- _Assignment_
Within the entries below, output exactly the lines between the line containing "The DEFENDER reports" and the line containing "Набор шарикового крупнозернистого", inclusive, and omit any picture.

- _Records provided_
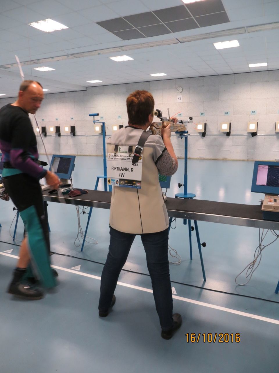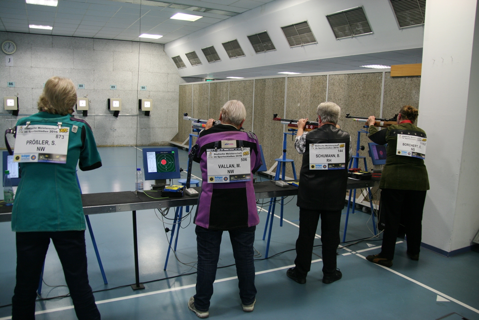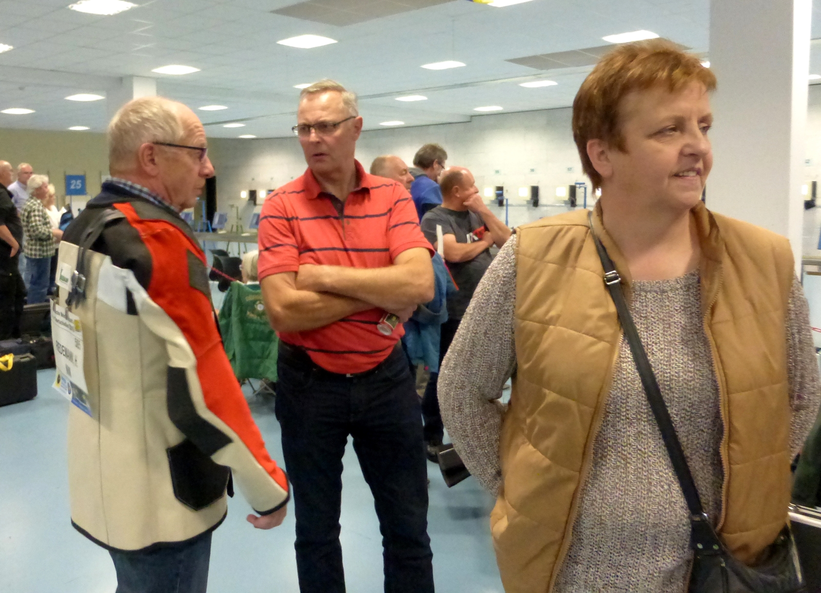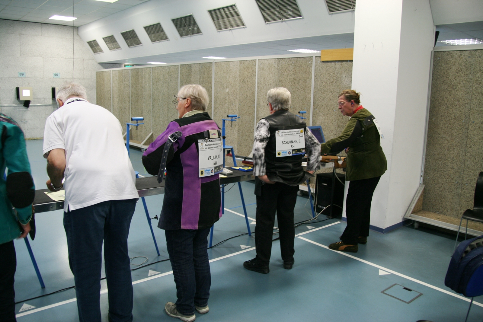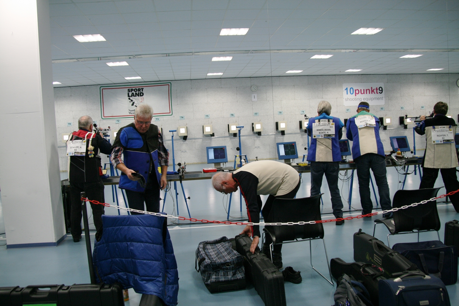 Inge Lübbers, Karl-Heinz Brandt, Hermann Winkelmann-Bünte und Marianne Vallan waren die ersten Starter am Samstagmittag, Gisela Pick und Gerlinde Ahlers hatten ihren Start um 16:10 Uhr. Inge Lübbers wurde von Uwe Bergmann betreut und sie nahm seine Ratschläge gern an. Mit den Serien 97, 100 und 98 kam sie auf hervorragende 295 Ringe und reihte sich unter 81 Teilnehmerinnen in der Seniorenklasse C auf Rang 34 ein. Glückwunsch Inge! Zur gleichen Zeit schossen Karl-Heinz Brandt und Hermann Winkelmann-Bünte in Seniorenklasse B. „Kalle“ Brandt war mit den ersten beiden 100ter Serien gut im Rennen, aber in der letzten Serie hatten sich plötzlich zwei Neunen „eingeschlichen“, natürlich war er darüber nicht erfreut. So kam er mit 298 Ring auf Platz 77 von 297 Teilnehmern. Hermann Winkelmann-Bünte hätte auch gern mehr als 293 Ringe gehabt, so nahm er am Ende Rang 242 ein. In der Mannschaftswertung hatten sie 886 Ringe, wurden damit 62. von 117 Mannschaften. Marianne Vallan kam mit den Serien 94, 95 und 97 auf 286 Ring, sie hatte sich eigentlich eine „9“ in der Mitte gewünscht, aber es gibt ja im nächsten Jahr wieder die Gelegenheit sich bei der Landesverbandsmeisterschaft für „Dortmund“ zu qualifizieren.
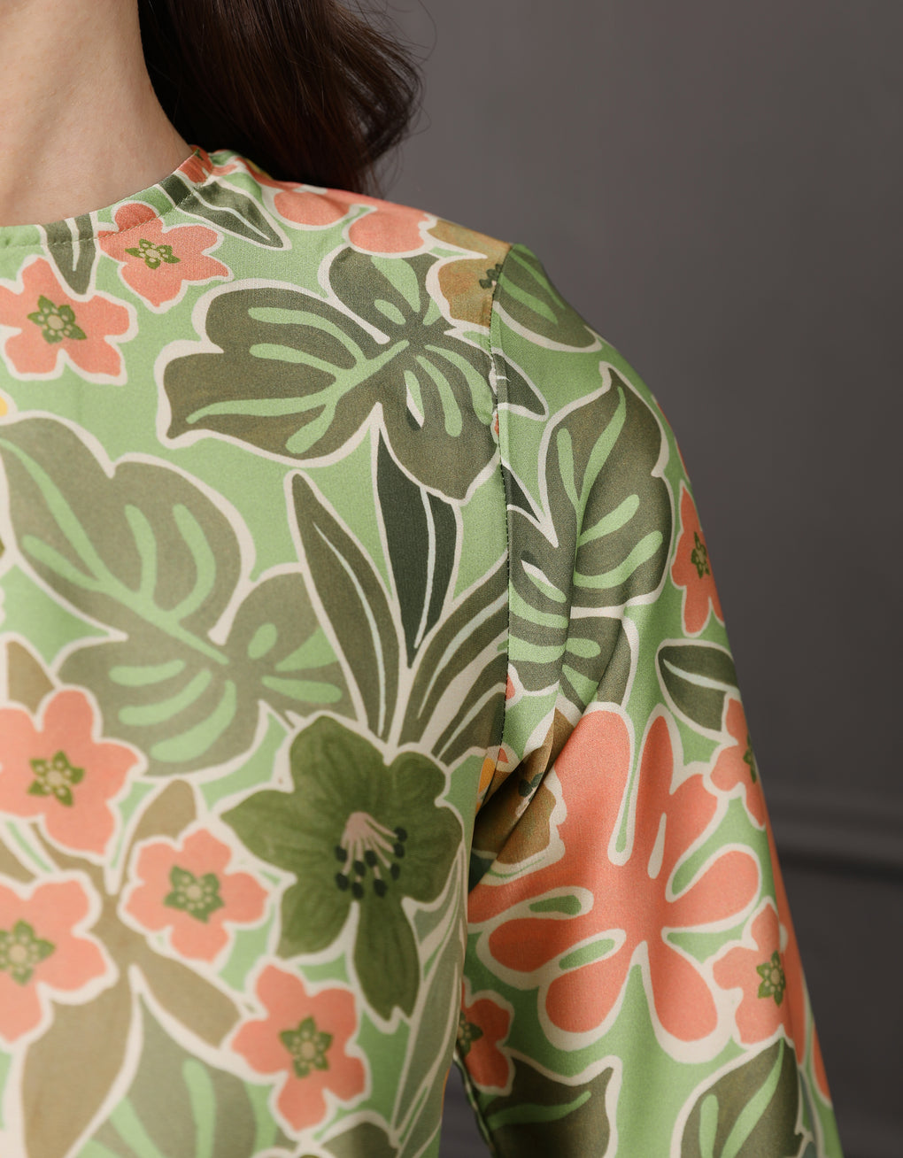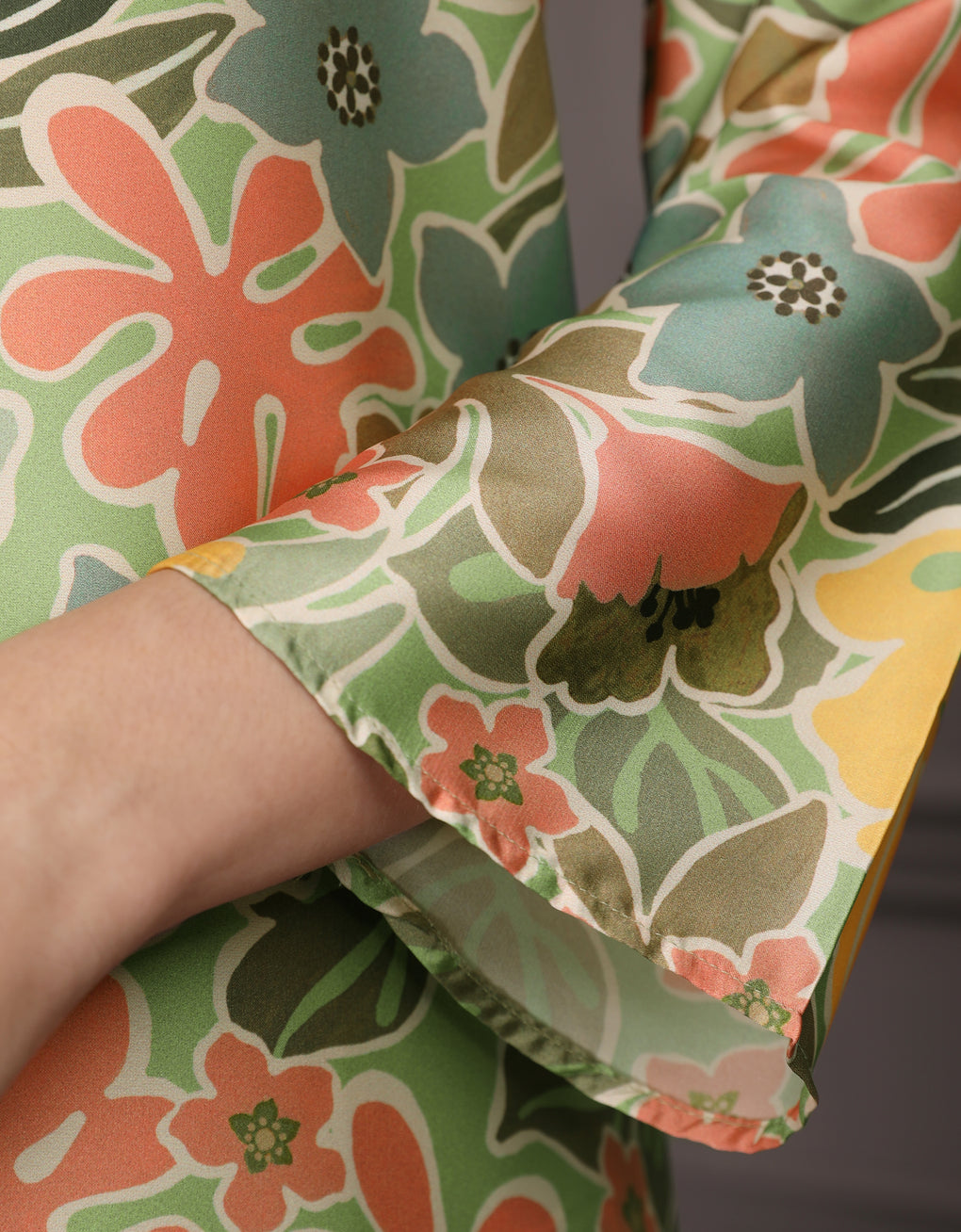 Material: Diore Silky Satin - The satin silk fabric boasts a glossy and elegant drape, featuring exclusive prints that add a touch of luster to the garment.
--
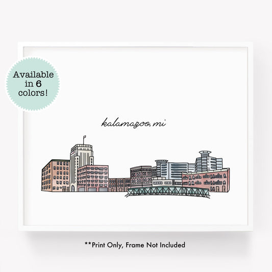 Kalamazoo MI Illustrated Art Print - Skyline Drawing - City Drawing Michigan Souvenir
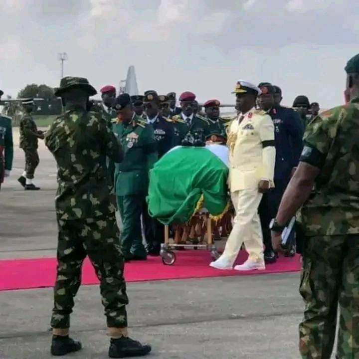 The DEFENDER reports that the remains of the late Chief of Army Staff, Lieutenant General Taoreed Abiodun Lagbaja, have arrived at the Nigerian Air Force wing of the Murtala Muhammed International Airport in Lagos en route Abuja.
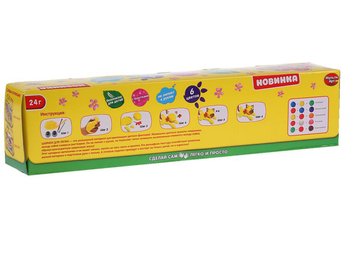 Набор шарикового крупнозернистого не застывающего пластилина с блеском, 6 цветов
---
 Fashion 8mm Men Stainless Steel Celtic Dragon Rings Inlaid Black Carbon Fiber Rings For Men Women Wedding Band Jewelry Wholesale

- _Written response_
 The DEFENDER reports that the remains of the late Chief of Army Staff, Lieutenant General Taoreed Abiodun Lagbaja, have arrived at the Nigerian Air Force wing of the Murtala Muhammed International Airport in Lagos en route Abuja.
 Набор шарикового крупнозернистого не застывающего пластилина с блеском, 6 цветов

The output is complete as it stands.